» **Given data**

= = = =

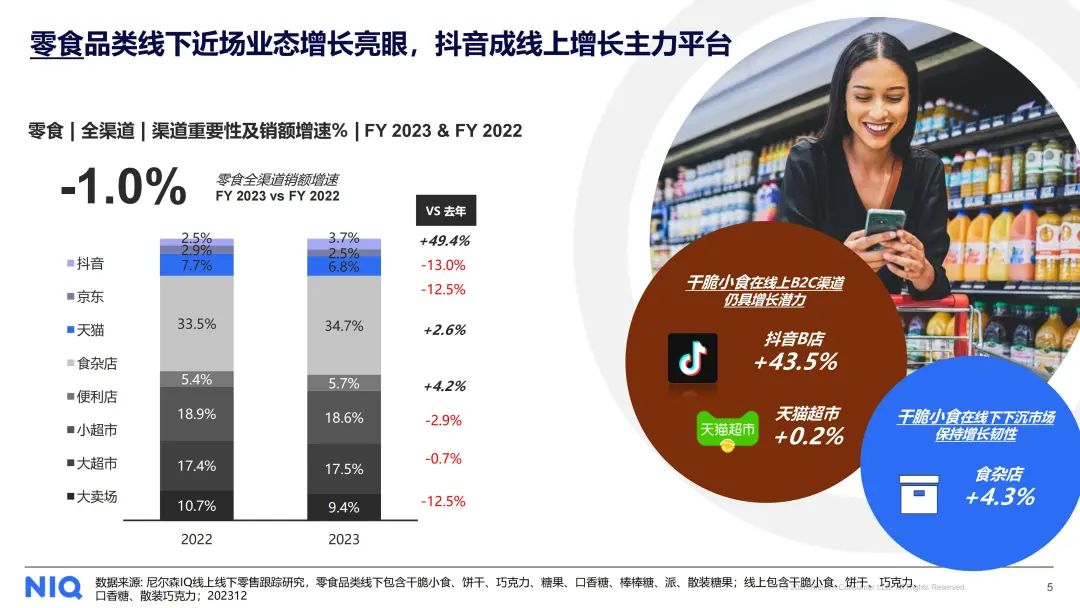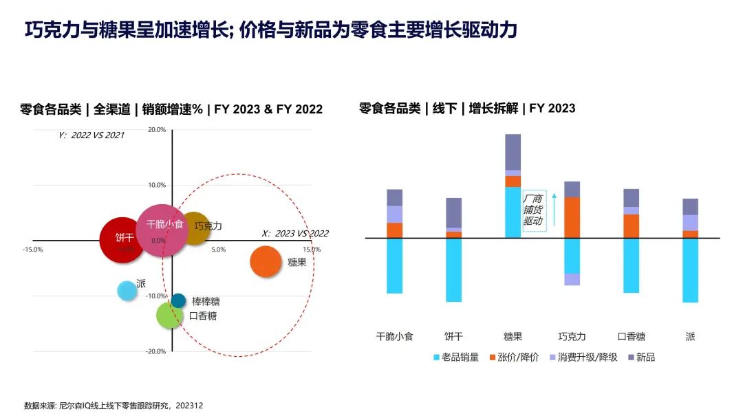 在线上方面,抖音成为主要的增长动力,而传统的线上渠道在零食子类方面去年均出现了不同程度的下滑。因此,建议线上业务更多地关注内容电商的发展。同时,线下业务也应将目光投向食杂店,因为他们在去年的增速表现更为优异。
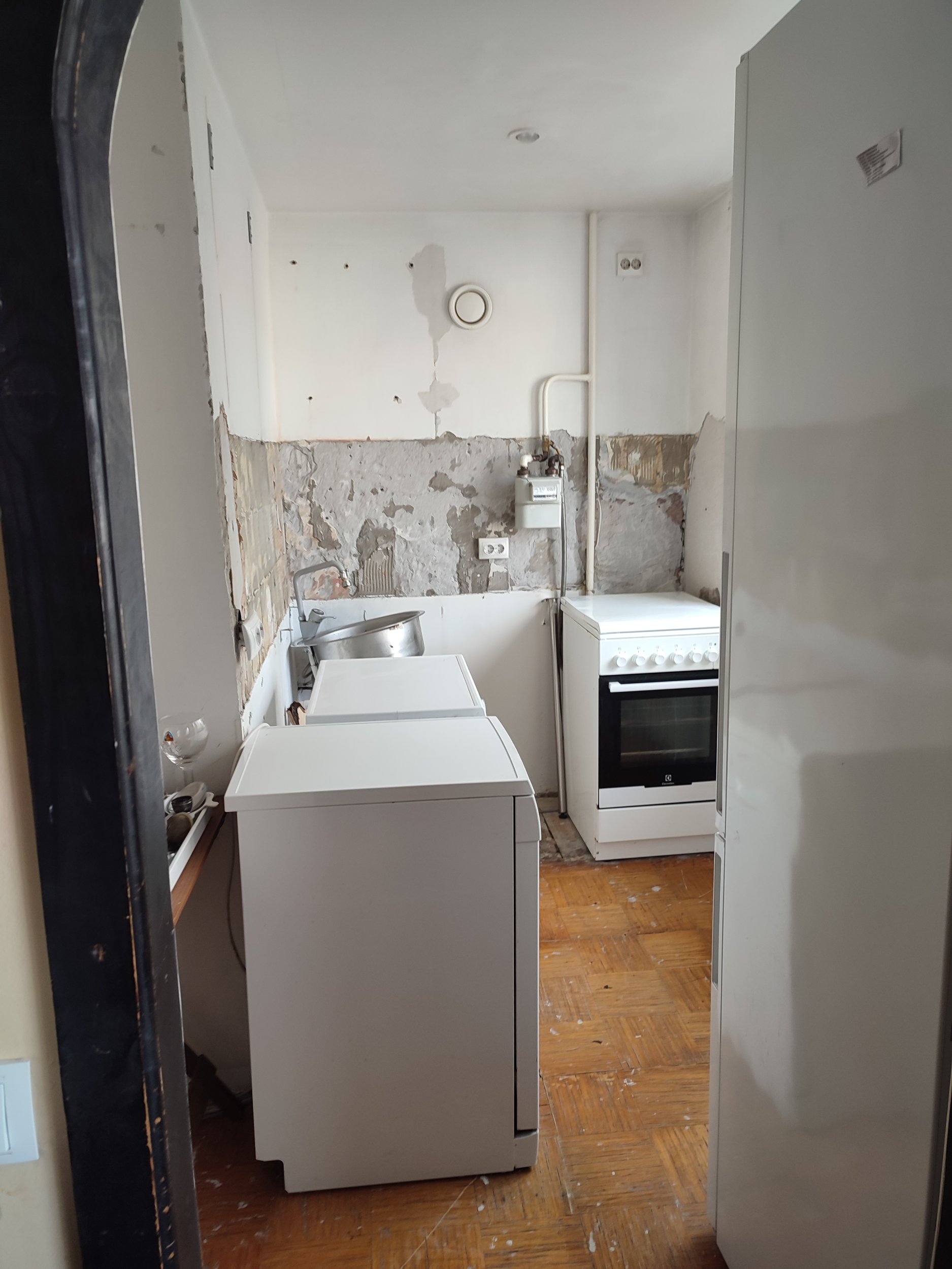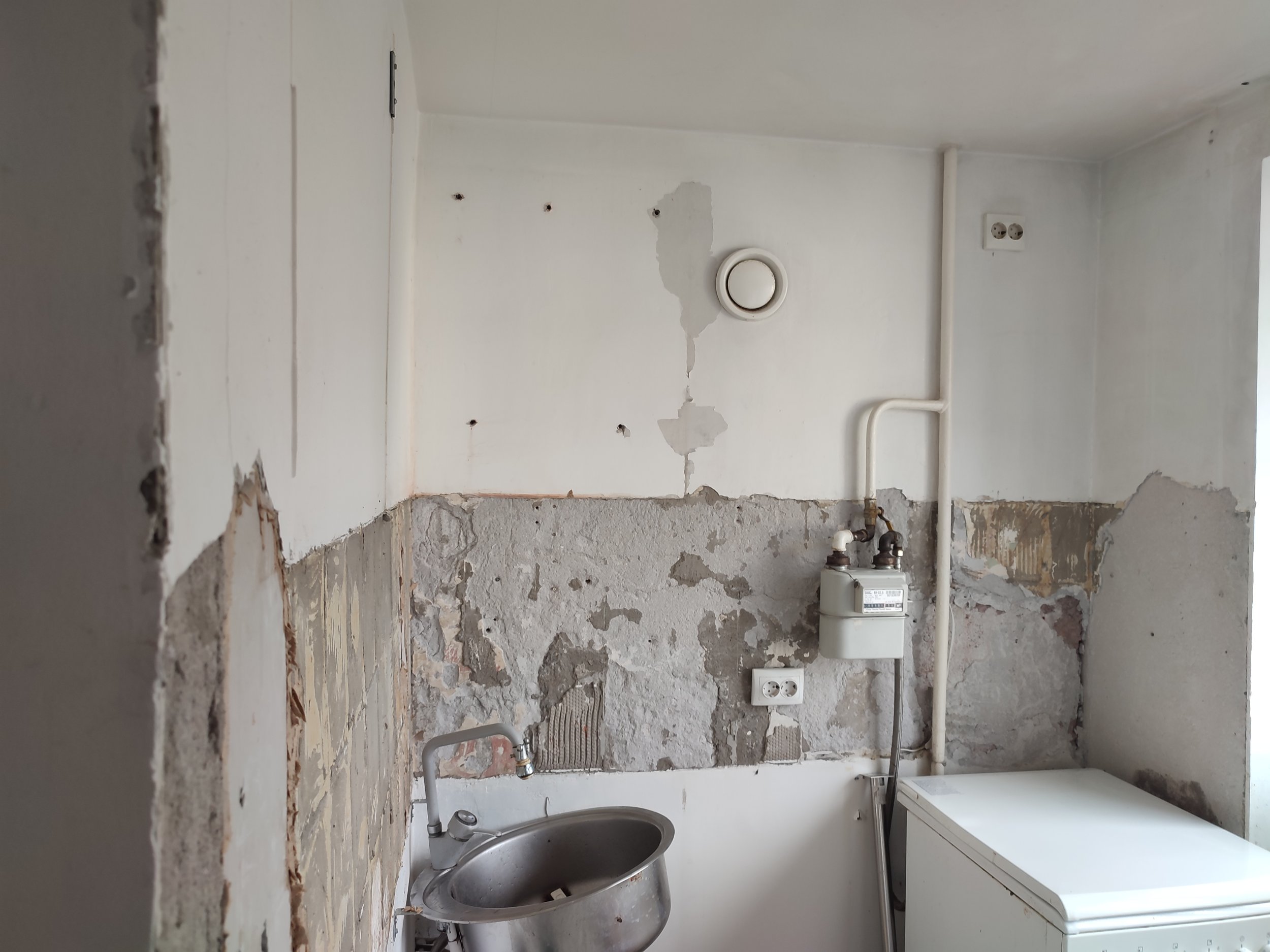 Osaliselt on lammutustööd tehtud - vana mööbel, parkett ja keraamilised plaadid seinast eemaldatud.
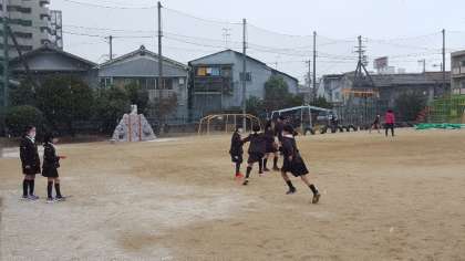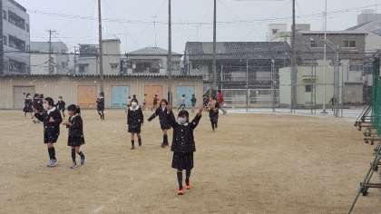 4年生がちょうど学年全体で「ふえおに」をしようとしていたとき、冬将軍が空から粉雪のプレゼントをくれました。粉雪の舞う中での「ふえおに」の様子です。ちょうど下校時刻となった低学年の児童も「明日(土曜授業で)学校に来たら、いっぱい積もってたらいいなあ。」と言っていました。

= = = =

» **Work order**
Could you give all of the data again exactly as written, omitting any pictures?

» **Solution for this task**
 在线上方面,抖音成为主要的增长动力,而传统的线上渠道在零食子类方面去年均出现了不同程度的下滑。因此,建议线上业务更多地关注内容电商的发展。同时,线下业务也应将目光投向食杂店,因为他们在去年的增速表现更为优异。
 Osaliselt on lammutustööd tehtud - vana mööbel, parkett ja keraamilised plaadid seinast eemaldatud.
 4年生がちょうど学年全体で「ふえおに」をしようとしていたとき、冬将軍が空から粉雪のプレゼントをくれました。粉雪の舞う中での「ふえおに」の様子です。ちょうど下校時刻となった低学年の児童も「明日(土曜授業で)学校に来たら、いっぱい積もってたらいいなあ。」と言っていました。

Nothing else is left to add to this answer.